AI Evaluations

Many stories of AI accident and misuse involve potentially dangerous capabilities, such as sophisticated deception and situational awareness, that have not yet been demonstrated in AI. Can we evaluate such capabilities in existing AI systems to form a foundation for policy and further technical work?

Mentors

Evan Hubinger
Research Scientist, Anthropic

Evan is open to a range of projects from empirical to theoretical alignment research, specifically interested in deceptive alignment, predictive model conditioning, and situational awareness in LLMs.

Evan Hubinger is a research scientist at Anthropic where he leads the Alignment Stress-Testing team. Before joining Anthropic, Evan was a research fellow at the Machine Intelligence Research Institute. Evan has done both very empirical alignment research, such as “Sleeper Agents: Training Deceptive LLMs that Persist Through Safety Training,” and very theoretical alignment research, such as "Risks from Learned Optimization in Advanced Machine Learning Systems.”
I am open to very empirical projects, very theoretical projects, and anything in between. Some particular areas of interest:
- Model organisms of misalignment: Anything in the agenda layed out in “Model Organisms of Misalignment: The Case for a New Pillar of Alignment Research.”
- Conditioning predictive models: Anything in the agenda layed out in “Conditioning Predictive Models: Risks and Strategies.”
- Deceptive alignment: Anything related to deceptive instrumental pseudo-alignment as defined in "Risks from Learned Optimization in Advanced Machine Learning Systems.”
I tend to be pretty low-touch, so working with me will require you to be able to execute on projects fairly independently.
Be prepared for me to push you to make sure you have a clear story for how your work actually makes AI more likely to go well.

Marius Hobbhahn
CEO, Apollo Research

Marius works on scheming / deceptive alignment and does projects related to scheming, science of evals and control.
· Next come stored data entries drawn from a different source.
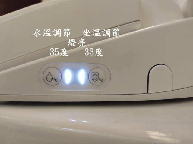 - 面對電腦馬桶座的右側邊,可以調整馬桶座的水溫與馬桶座的坐溫。
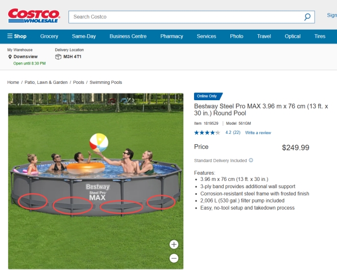 这些泳池在加拿大的Walmart、Canadian Tire、Costco、Amazon等渠道均有销售。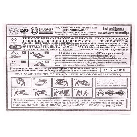 | Максимальная температура кратковременного использования до 5 сек | 650 °С |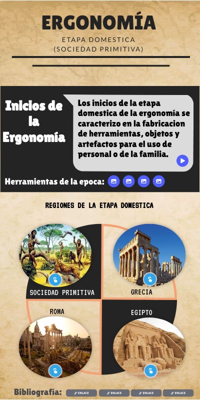 Los inicios de la etapa domestica de la ergonomía se caracterizo en la fabricacion de herramientas, objetos y artefactos para el uso de personal o de la familia.

Marius Hobbhahn is the CEO and co-founder of Apollo Research. Apollo focuses on deception, interpretability, model evaluations and governance. Prior to that, he was a Research Fellow at Epoch and independent researcher while he pursued his PhD in Machine Learning at the International Max-Planck Research School Tübingen.
Marius' stream focuses on scheming, control and science of evals. His projects will be a scheming-related demo, a blue-team red-team game for control evals and designing honeypots.
Here are suggestions for potential research projects supervised by Marius:
- Builder-Breaker process for control: We play a blue-team red-team game for control evaluations. The blue team proposes a safety measure and argues why it's safe and the red-team designs an attack to break the setting. The goal is to figure out the basics for how to design such a process well. We will first do a few iterations only on paper and then actually play it with a real setup, code, etc. You might be a good fit for this project if you enjoy playing builder-breaker games and enjoy both light conceptual as well as empirical work. You can find more details here.
- Designing honeypots: To test whether models are well-aligned, we want to design adversarial alignment evaluations (aka honeypots) where the evaluators create a scenario that looks realistic and provides an easy opportunity for a model to perform a bad action if it was misaligned, i.e. a bait. Then, we test whether the model takes the bait. Designing honeypots is hard because we have to find situations that the model thinks are real. This project will try to design some high-quality honeypots and figure out the basic science of building them. You might be a good fit if you enjoy designing evals and tinkering with LM agents. You can find more details here.
- scheming-related demo: Design a setting that is as close to a real deployment setting, e.g. an automated AI scientist doing ML research, in which the model shows aspects of scheming without being explicitly instructed to do so. For an intuition what this could look like, see section "Safe Code Execution" in https://arxiv.org/abs/2408.06292. Though this demonstration would aim to be more reproducible and in a more controlled environment. This project will include a lot of LM agent scaffolding, prompting and potentially fine-tuning. You might be a good fit for this project if you enjoy tinkering with LM agents. You can find more details here.
If you have a high-quality research proposal, Marius might be willing to supervise that. However, the bar for this is extremely high, so in expectation, all scholars will work on one of the three projects above. For more background and context, you might want to check out our work on scheming safety cases (hopefully public by the time you read this): https://www.apolloresearch.ai/research
Mentorship:
- Marius offers between 1-3h of calls per week (depending on progress) with asynchronous slack messages.
- The goal of the project is to write a blog post or other form of publication.
You might be interested in that project if:
- You have some basic research experience and enthusiasm for research.
- You have enough software experience that you can write the code for this project. 1000+ hours of Python might be a realistic heuristic.
- You want to take ownership of a project. Marius will provide mentorship but you will spend most time on it, so it should be something you’re comfortable leading.
You can either work on projects alone or partner up with other scholars.

Francis Rhys Ward
PhD Student, Imperial College London

Rhys works on projects ranging from philosophy, to theoretical and empirical science, and technical AI governance. In this MATS cohort, he’s looking to work on evals and/or model organisms research.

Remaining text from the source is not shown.